How Does Precision Fermentation Work, Exactly?
When it comes to animal-free dairy, precision fermentation technology is used to produce bio-identical milk proteins like casein or whey, without involving a cow. Bio-identical means that the proteins are the same at the molecular level. Sounds cool, right? Here is how we do it.
Step One: Protein producing microbes are created. It is done by encoding milk protein DNA sequences from cow genes into microorganisms, like yeast or fungi. Once cow DNA was sequenced several years ago, we were able to copy the piece of code responsible for creating the exact milk protein from a digital database, without a single cow involved.
Step Two: We ferment these special microbes in large fermentation tanks filled with nutrients and sugar, much like those used to brew beer. During the fermentation process, these unique microbes produce milk proteins, an identical twin to those found in cow’s milk.
Step Three: At the end of fermentation, our milk proteins are filtered into a pure milk protein isolate, producing a milk protein powder, just like animal-based whey powder you can buy at any grocery store today.
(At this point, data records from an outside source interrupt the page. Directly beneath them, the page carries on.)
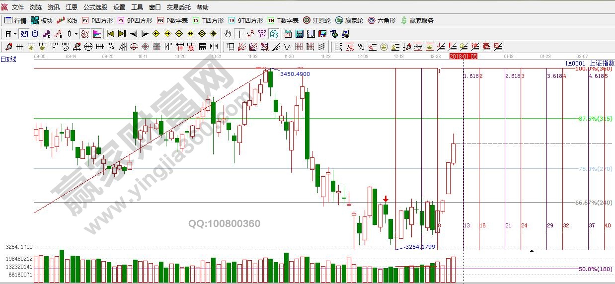 ★依據(jù)贏家江恩理論系統(tǒng)江恩波段百分比提示:滬指繼續(xù)高歌猛進(jìn),270度3342點(diǎn)轉(zhuǎn)變?yōu)橹吸c(diǎn),阻力位在315度線3395點(diǎn)附近。
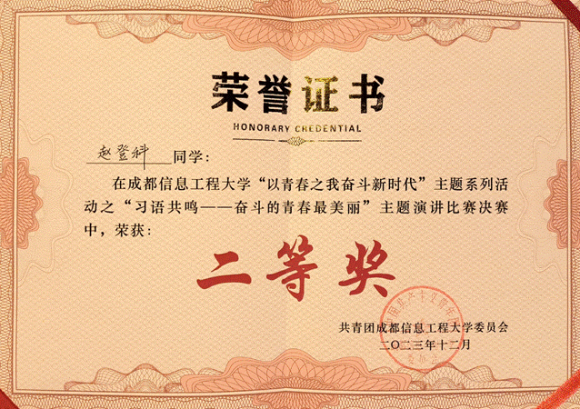 我院赵登科同学在"习语共鸣--奋斗的青春最美丽"主题演讲比赛决赛中,荣获二等奖。
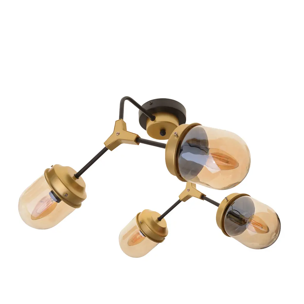 Люстра BL-804S/4 E14 SJ + BK - хороший светильник для спальни, коридора, детской, кухни, гостиной, зала. Люстра на четыре плафона прекрасно впишется в интерьер стилей лофт, современный, классика, хай-тек, модерн и другие. Купить люстру на четыре плафона можно для установки как дома, так и в офисе, магазине, гостинице, ресторане. Светильник состоит из металлической основы черного цвета, к которой крепятся два железных прута. Каждый из них разветвляется на еще два прута, которые удерживают стеклянные белые прозрачные плафоны. Стильная, элегантная, аккуратная люстра на четыре плафона работает благодаря источникам света с цоколем Е14. Они могут быть светодиодными, энергосберегающими, лампами накаливания. Использование энергосберегающих и лед ламп обеспечит экономию электроэнергии на уровне 90-95%. Мощность устанавливаемых источников света должна быть не более 40 Вт. Эта люстра среднего размера: 650х420х340. Светильник достаточно мощный, чтобы обеспечить качественное, хорошее основное освещение в комнате, выглядит стильно и привлекательно.
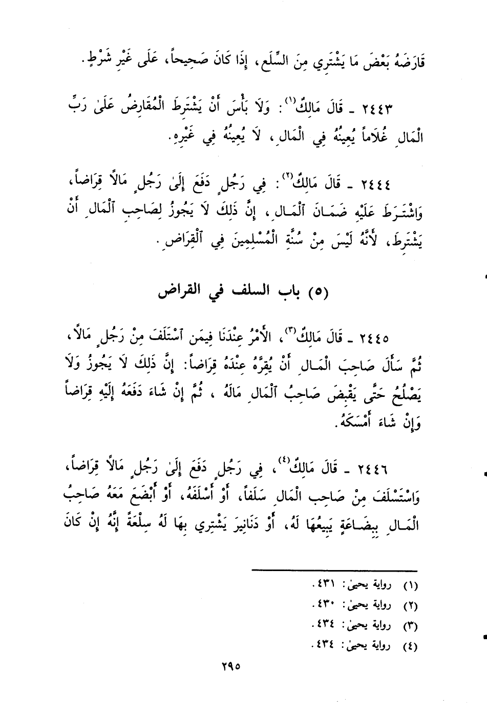 ٢٤٤٥ - قَالَ مَالِكٌ: الأمر عندنا فِيمن اسْتلَفَ من رَجُلٍ مَالاً، ثُمَّ سَأَلَ صاحب الْمَالَ أَنْ يُقِرَّهُ عِنْدَهُ قِرَاضًا ,إن ذَلِكَ لَايجوز ولا يصلح حَتَّى يَقْبِضَ صاحب الْمَالَ مَالَهُ، ثُمَّ إِنْ شَاءَ دْفَعَهُ إِلَيْهِ قِرَاضًا وْ إِنْ شَاءَ أَمْسِكَهُ.
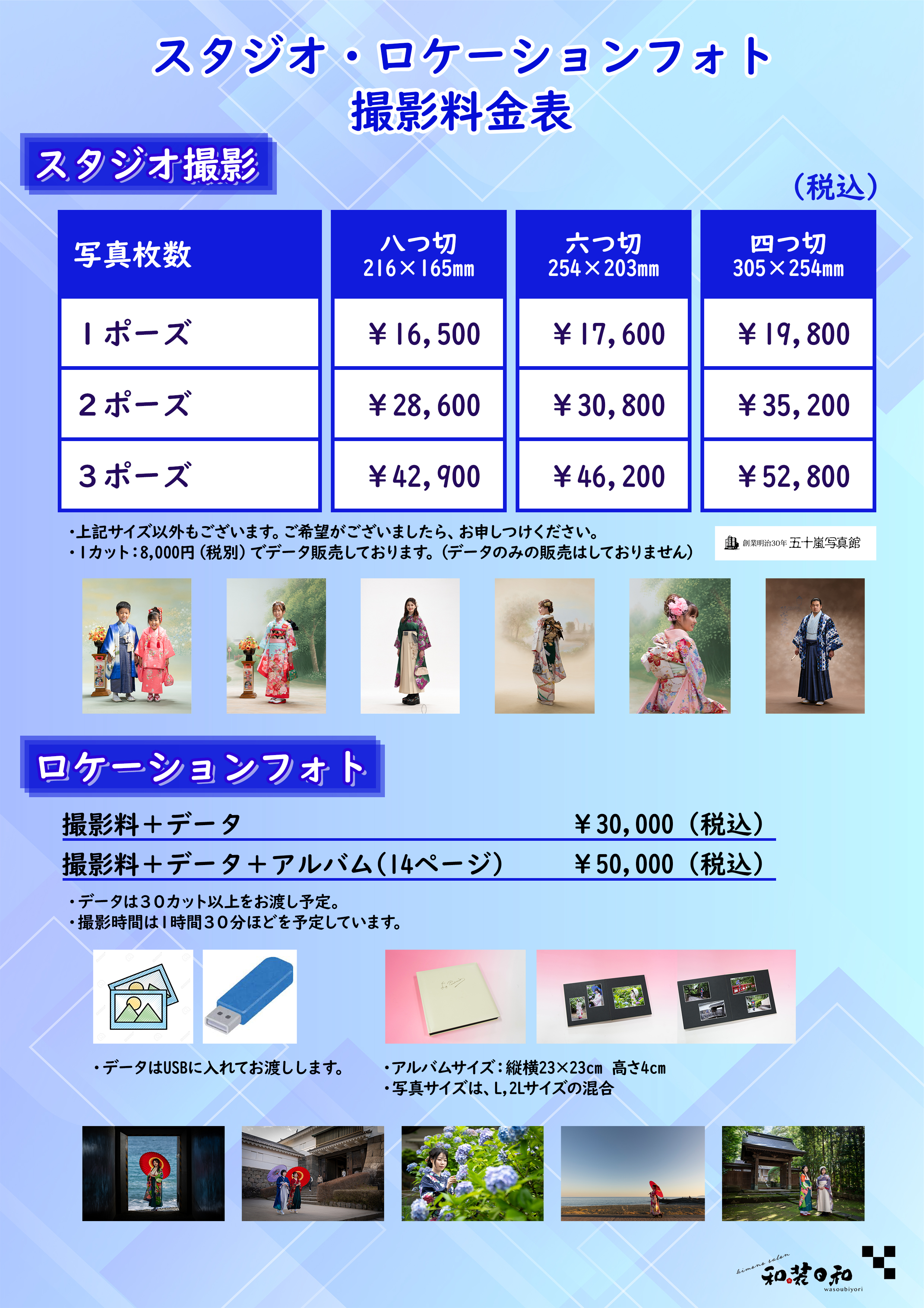 受付けは五十嵐写真館の2Fにございます。玄関入ってすぐの階段でお上がりください。

This animal-free milk protein can be used to create our favorite dairy products such as cheese, yogurt and ice cream — without the climate impact of farming animals at a global scale.
The benefit of using precision fermentation is simple: produce the dairy products we love with a fraction of the carbon emissions, land, and freshwater use – and without the concentrated animal feedlot operations that the conventional dairy industry espouses. This means billions of people who consume dairy products each day can do so without leaving a significant environmental footprint.
Precision fermentation is an ideal solution to usher in the era of sustainable dairy because it provides a key ingredient to satisfy consumer expectations. Consumers will buy animal-free dairy foods if they are healthy, safe, affordable and, most importantly, delicious. The promise of ‘identical twin’ protein solutions made with precision fermentation means animal-free cheese and dairy products involve no compromise on eating experience. We are creating a brighter, better, more humane and planet-friendly food system.